[Work to be completed] Beneath this instruction is a listing. Transcribe from it only the stretch from the line with "秋になったなあと感じさせてく" through the line with "한우리추천도서앱은 유아, 초등, 중등, 고등", both end lines included, exactly as written.

[Information]
----------
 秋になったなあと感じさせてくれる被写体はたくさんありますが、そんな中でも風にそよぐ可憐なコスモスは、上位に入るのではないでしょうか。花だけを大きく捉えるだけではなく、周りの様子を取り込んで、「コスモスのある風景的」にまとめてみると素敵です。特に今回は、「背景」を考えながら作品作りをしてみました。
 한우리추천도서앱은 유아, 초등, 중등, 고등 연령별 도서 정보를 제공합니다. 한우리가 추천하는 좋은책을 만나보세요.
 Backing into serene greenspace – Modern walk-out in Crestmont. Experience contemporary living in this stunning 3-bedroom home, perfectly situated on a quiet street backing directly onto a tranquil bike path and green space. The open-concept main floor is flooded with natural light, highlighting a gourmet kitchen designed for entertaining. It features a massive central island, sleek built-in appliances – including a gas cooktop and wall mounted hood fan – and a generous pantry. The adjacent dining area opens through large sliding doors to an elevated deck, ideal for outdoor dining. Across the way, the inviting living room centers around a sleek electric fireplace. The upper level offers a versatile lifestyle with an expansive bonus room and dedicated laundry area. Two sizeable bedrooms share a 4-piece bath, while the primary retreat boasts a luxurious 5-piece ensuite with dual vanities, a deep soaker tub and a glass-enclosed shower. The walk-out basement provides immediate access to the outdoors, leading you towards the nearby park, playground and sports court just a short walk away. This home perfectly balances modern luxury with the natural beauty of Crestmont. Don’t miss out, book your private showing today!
----------
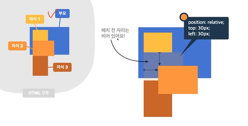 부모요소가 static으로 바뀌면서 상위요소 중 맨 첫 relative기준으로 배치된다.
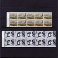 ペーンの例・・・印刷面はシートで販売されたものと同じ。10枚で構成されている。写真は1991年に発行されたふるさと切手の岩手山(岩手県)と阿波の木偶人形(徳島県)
----------
[Result of the exercise]
 秋になったなあと感じさせてくれる被写体はたくさんありますが、そんな中でも風にそよぐ可憐なコスモスは、上位に入るのではないでしょうか。花だけを大きく捉えるだけではなく、周りの様子を取り込んで、「コスモスのある風景的」にまとめてみると素敵です。特に今回は、「背景」を考えながら作品作りをしてみました。
 한우리추천도서앱은 유아, 초등, 중등, 고등 연령별 도서 정보를 제공합니다. 한우리가 추천하는 좋은책을 만나보세요.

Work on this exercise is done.